但是得到单位"长度必须为 1 的错误.我应该使用不同的命令，还是有什么方法可以让 difftime 产生更精确的时差?

But get the error that 'units' must be a length of 1. Is there a different command I should be using, or is there any way for difftime to produce a more exact time difference?

谢谢！

推荐答案

既然你想要天、小时、分钟、秒，我们可以用 lubridate 包得到这个结果:

Since you would like days, hours, minutes, seconds, we can get this result with the lubridate package:

a<-c("2018-03-20 11:52:25 AST", "2018-03-20 12:51:25 AST", "2018-03-20 14:19:04 AST",
 "2018-03-21 14:12:12 AST", "2018-03-21 12:09:22 AST", "2018-03-21 15:28:01 AST")

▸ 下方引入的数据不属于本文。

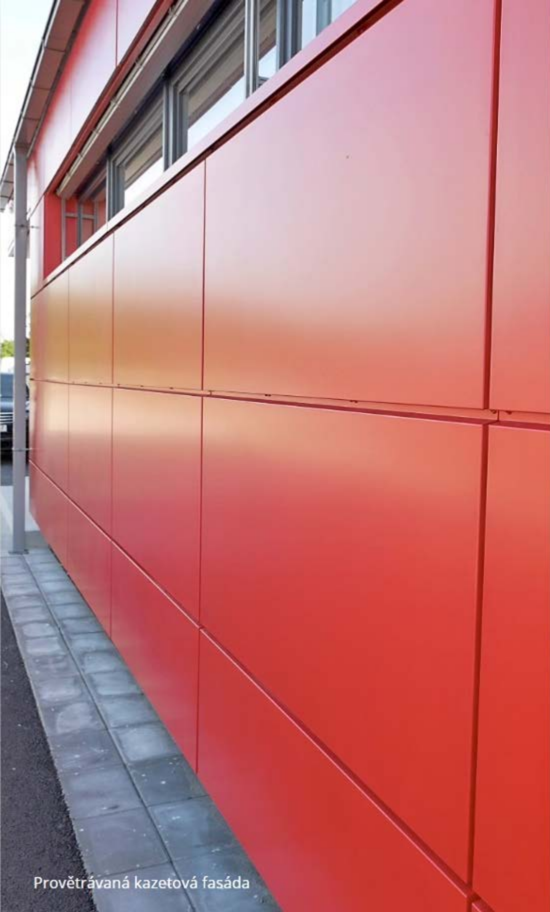
Provětrávaná kazetová fasáda

b<-c("2018-04-09 18:39:38 AST", "2018-06-23 19:13:14 AST", "2018-03-20 23:23:03 AST",
 "2018-05-10 21:29:28 AST", "2018-03-22 03:17:23 AST", "2018-05-12 00:19:39 AST")

a = as.POSIXct(a)
b = as.POSIXct(b)

library(lubridate)
timespan = interval(ymd_hms(ab[,1]), ymd_hms(ab[,2]))
> as.period(timespan)
[1] "20d 6H 47M 13S"    "3m 3d 6H 21M 49S"  "9H 3M 59S"         "1m 19d 7H 17M 16S"
[5] "15H 8M 1S"         "1m 20d 8H 51M 38S"

如果需要，我们可以通过指定格式将月转换为天:

If desired, we can convert months to days by specifying the formatting as follows:

> as.period(timespan, unit = "day")
[1] "20d 6H 47M 13S" "95d 6H 21M 49S" "9H 3M 59S"      "50d 7H 17M 16S"
[5] "15H 8M 1S"      "51d 8H 51M 38S"

这篇关于如何获得具有多个单位的输出的时间差的文章就介绍到这了，希望我们推荐的答案对大家有所帮助，也希望大家多多支持IT屋！